*Record excerpts*:
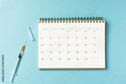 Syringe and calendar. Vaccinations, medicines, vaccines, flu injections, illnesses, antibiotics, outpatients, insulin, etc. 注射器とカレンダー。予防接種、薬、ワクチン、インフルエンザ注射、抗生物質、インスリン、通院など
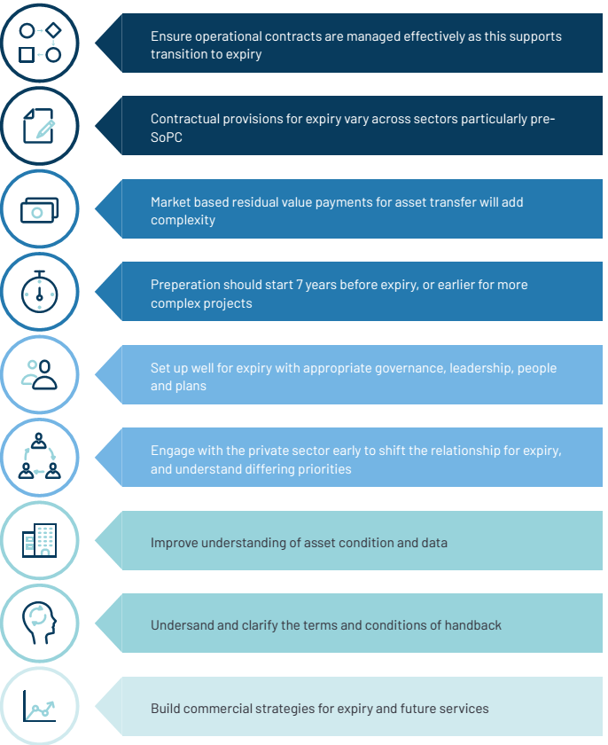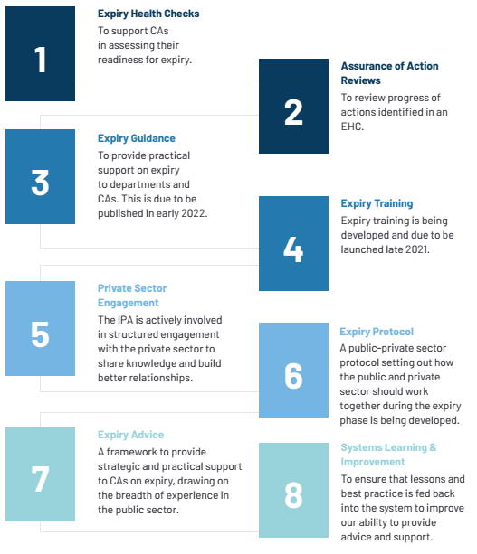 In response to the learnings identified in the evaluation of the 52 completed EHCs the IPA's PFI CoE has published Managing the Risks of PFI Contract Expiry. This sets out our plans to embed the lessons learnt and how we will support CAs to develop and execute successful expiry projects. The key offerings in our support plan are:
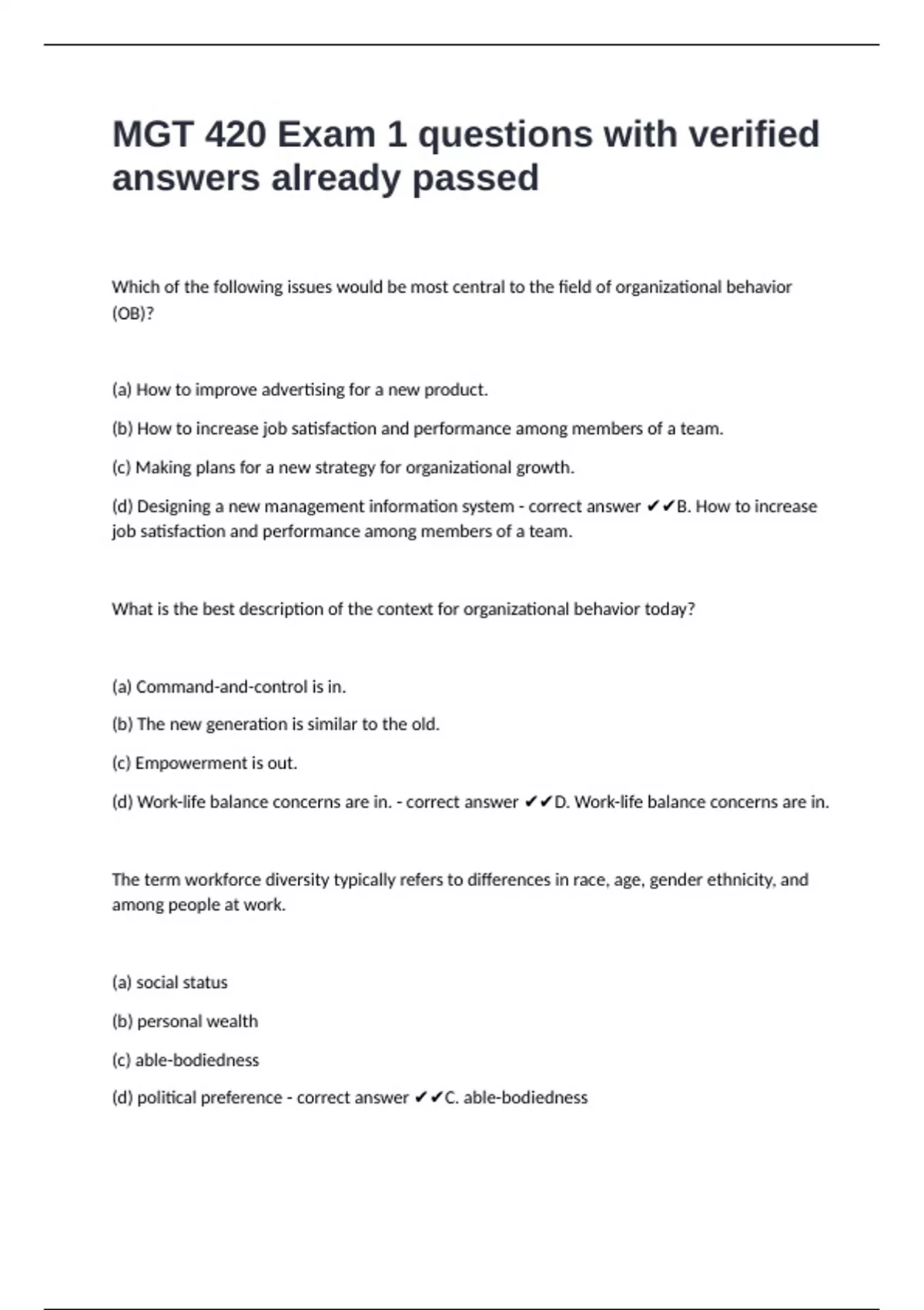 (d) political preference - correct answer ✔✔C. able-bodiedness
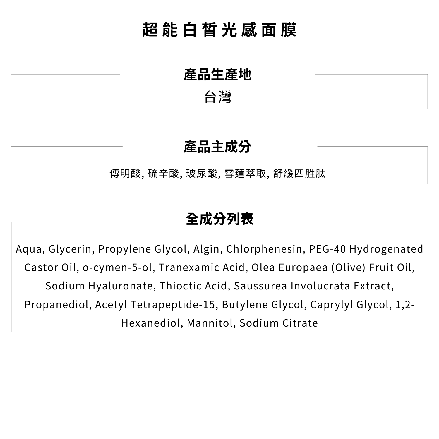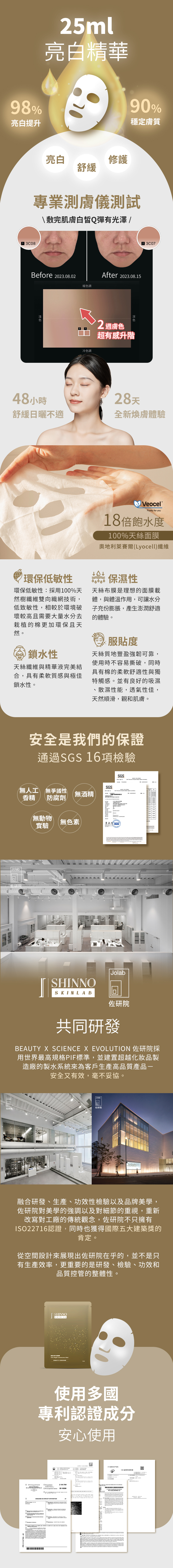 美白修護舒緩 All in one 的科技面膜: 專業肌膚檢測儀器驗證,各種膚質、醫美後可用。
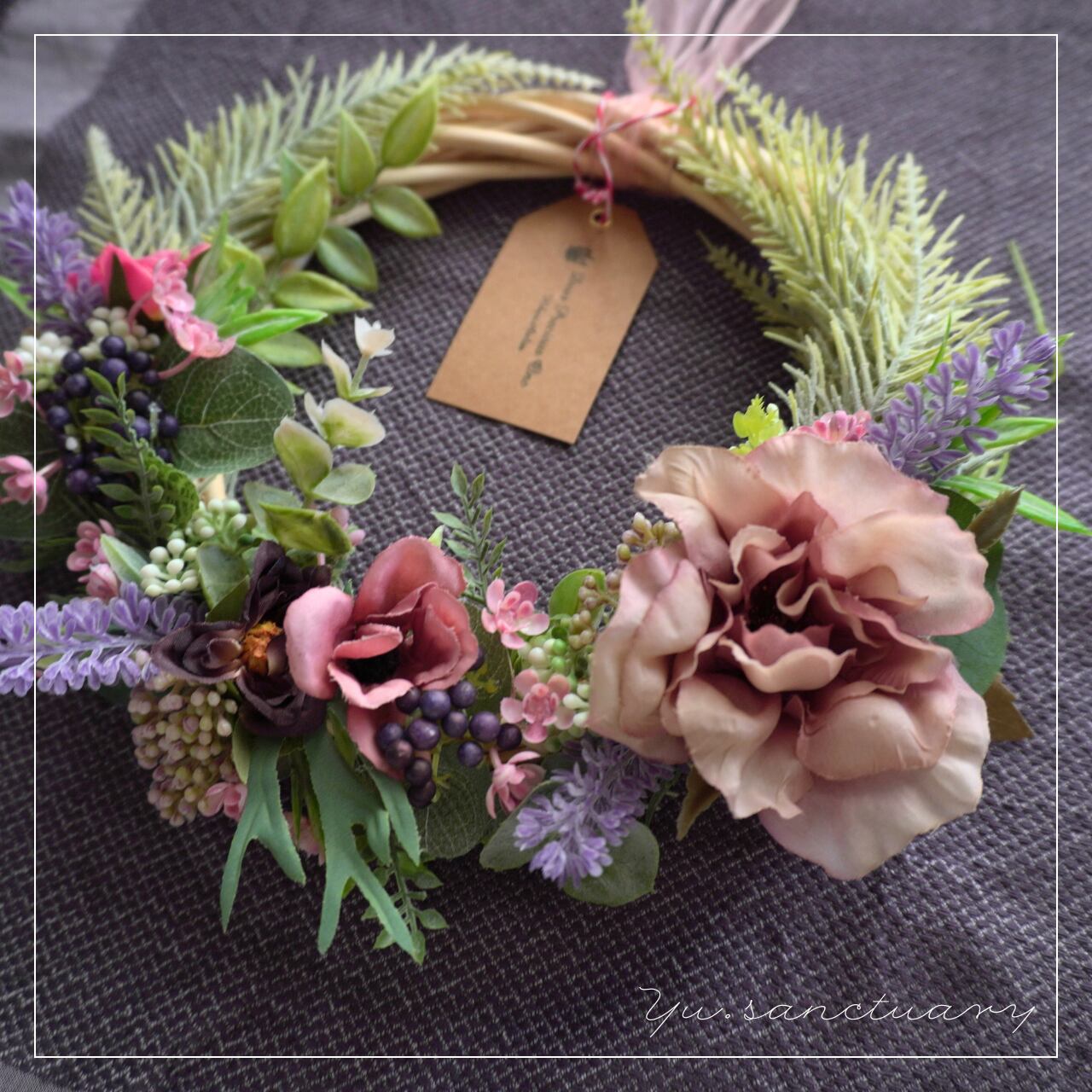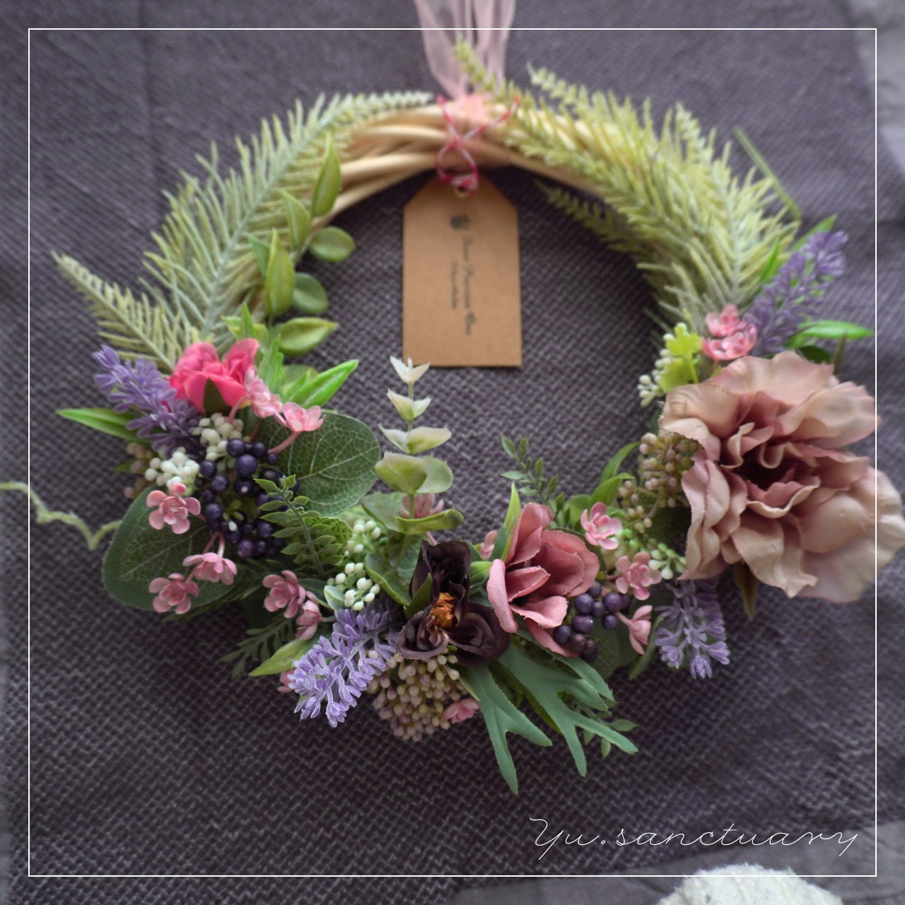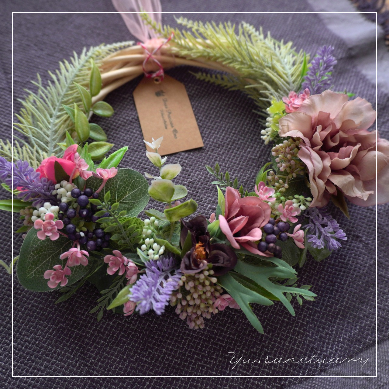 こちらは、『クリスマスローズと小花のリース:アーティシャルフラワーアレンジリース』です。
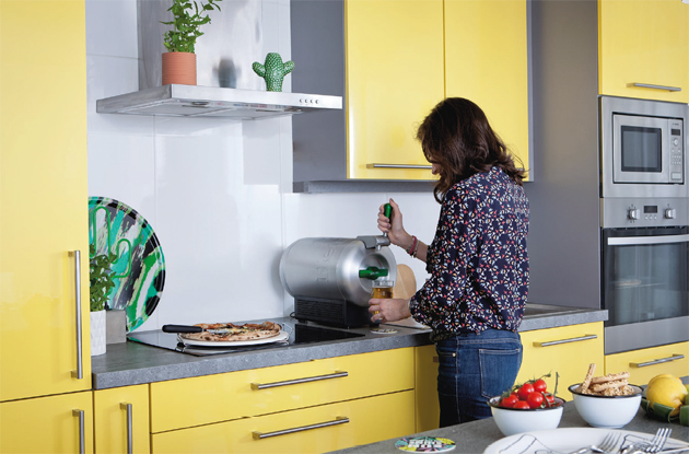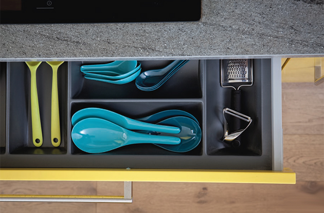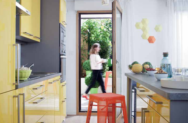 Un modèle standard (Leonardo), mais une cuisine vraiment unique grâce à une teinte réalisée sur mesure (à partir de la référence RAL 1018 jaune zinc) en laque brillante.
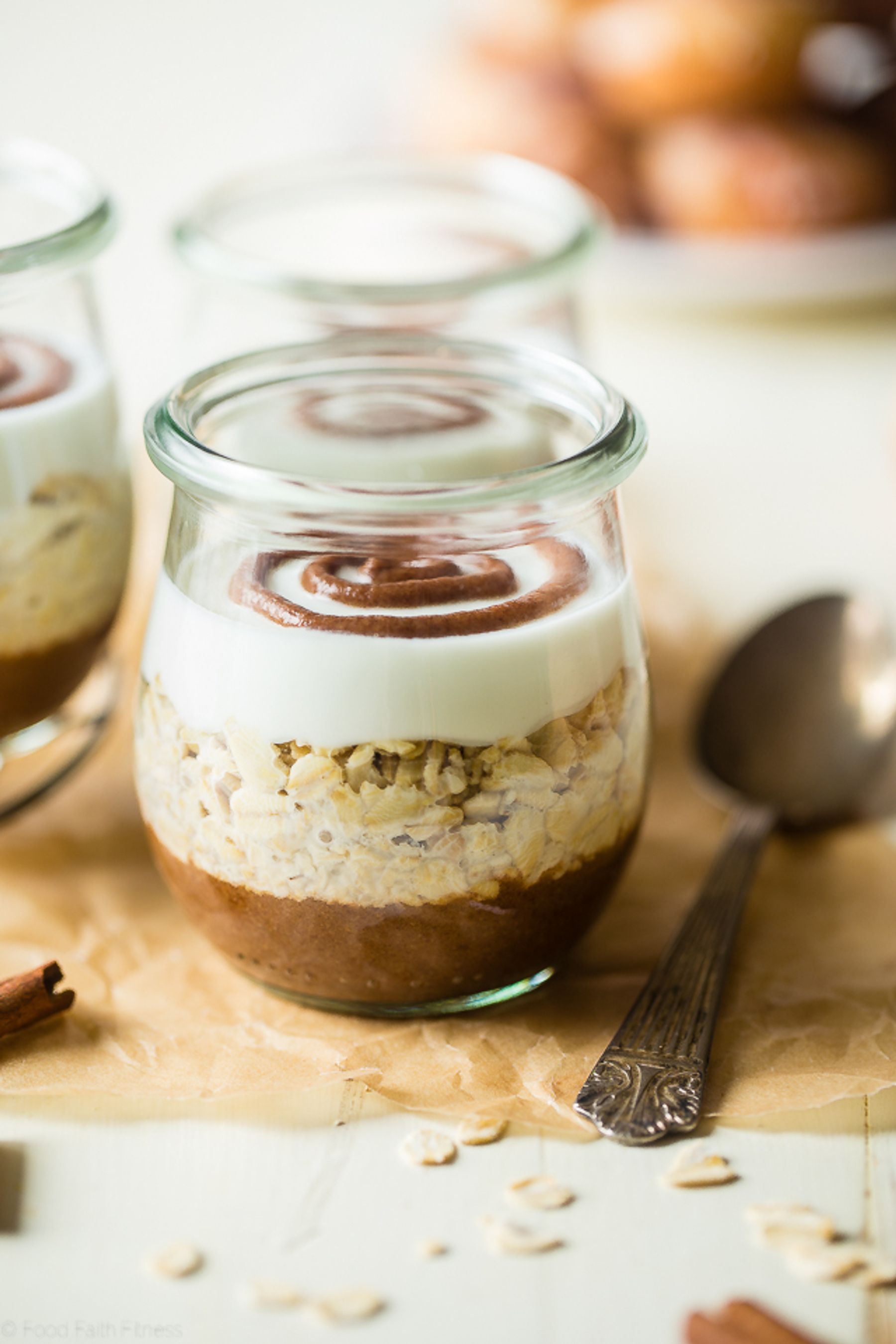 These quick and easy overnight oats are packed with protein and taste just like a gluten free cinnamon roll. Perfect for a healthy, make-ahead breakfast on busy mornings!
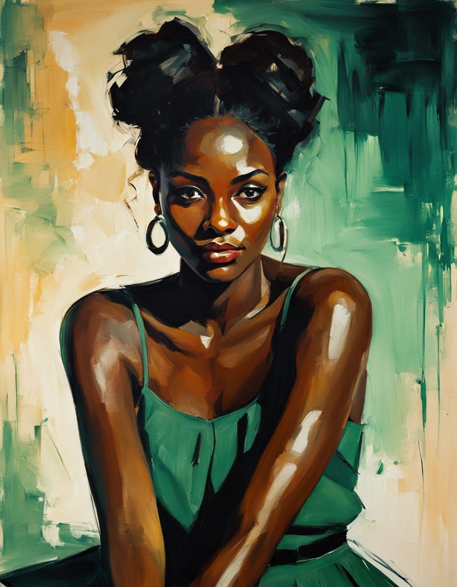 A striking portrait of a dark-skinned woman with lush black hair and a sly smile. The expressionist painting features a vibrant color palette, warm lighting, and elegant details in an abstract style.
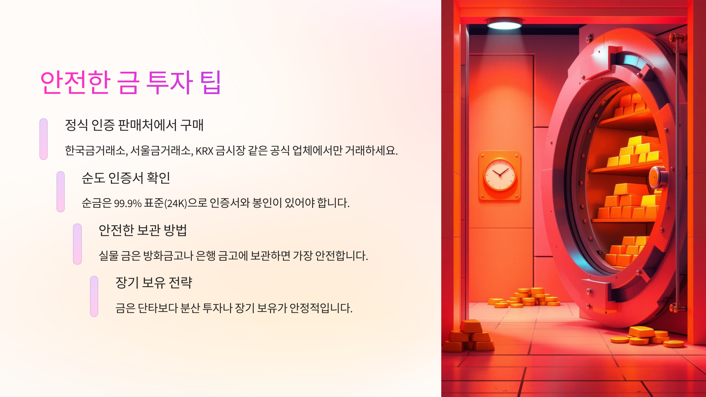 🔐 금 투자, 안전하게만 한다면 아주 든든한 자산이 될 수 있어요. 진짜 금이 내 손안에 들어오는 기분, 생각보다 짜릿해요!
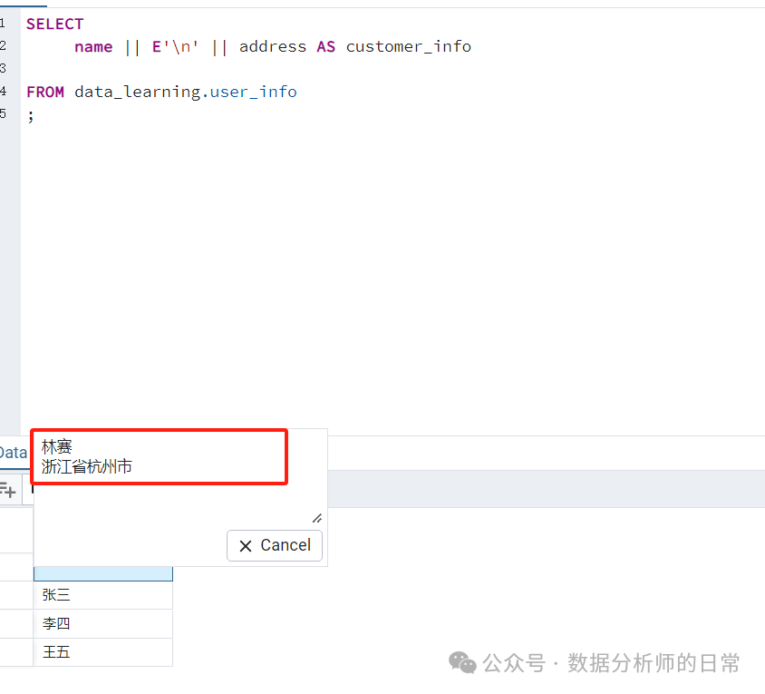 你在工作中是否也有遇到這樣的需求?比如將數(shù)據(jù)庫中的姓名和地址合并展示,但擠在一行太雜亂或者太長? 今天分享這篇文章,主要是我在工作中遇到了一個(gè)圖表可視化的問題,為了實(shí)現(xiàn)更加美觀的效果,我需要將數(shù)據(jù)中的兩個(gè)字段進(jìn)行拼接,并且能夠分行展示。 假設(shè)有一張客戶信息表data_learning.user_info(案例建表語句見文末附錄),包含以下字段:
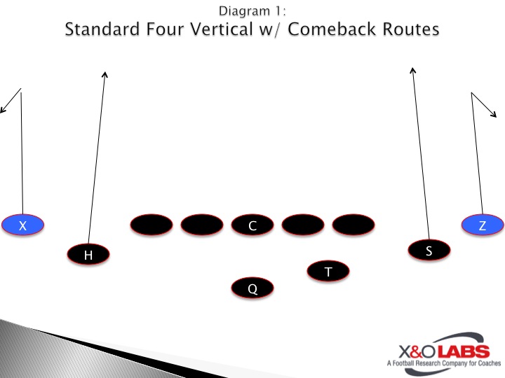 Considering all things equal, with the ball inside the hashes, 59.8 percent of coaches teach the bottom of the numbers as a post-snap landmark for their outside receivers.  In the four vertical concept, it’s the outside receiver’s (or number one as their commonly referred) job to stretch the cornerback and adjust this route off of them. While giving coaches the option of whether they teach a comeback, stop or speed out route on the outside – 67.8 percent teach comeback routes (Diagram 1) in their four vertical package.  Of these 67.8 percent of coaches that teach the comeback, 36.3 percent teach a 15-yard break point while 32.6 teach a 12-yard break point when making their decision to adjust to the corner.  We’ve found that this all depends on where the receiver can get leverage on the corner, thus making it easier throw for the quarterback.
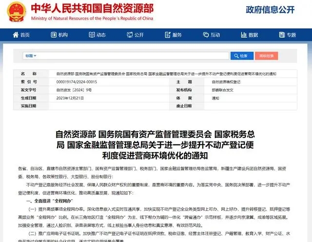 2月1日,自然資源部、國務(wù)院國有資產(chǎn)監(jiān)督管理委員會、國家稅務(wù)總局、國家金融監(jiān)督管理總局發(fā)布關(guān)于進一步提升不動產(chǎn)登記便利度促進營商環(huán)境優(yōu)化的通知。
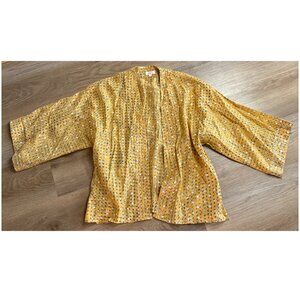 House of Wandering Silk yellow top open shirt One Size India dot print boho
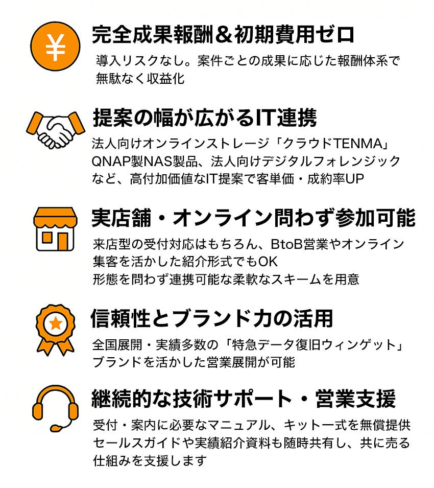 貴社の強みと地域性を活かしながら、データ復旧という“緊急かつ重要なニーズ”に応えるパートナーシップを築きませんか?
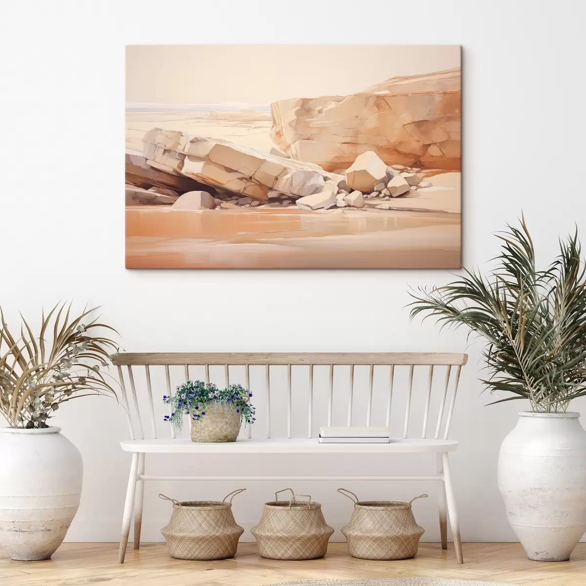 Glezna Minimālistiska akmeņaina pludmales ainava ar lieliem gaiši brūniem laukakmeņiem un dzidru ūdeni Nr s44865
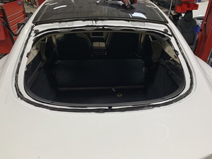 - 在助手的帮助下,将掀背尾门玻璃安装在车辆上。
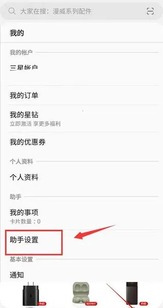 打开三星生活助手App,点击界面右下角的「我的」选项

*Your assignment*:
Retype the entries above exactly. Stop after the line containing "Un modèle standard", and omit the pictures.

*Solution*:
 Syringe and calendar. Vaccinations, medicines, vaccines, flu injections, illnesses, antibiotics, outpatients, insulin, etc. 注射器とカレンダー。予防接種、薬、ワクチン、インフルエンザ注射、抗生物質、インスリン、通院など
 In response to the learnings identified in the evaluation of the 52 completed EHCs the IPA's PFI CoE has published Managing the Risks of PFI Contract Expiry. This sets out our plans to embed the lessons learnt and how we will support CAs to develop and execute successful expiry projects. The key offerings in our support plan are:
 (d) political preference - correct answer ✔✔C. able-bodiedness
 美白修護舒緩 All in one 的科技面膜: 專業肌膚檢測儀器驗證,各種膚質、醫美後可用。
 こちらは、『クリスマスローズと小花のリース:アーティシャルフラワーアレンジリース』です。
 Un modèle standard (Leonardo), mais une cuisine vraiment unique grâce à une teinte réalisée sur mesure (à partir de la référence RAL 1018 jaune zinc) en laque brillante.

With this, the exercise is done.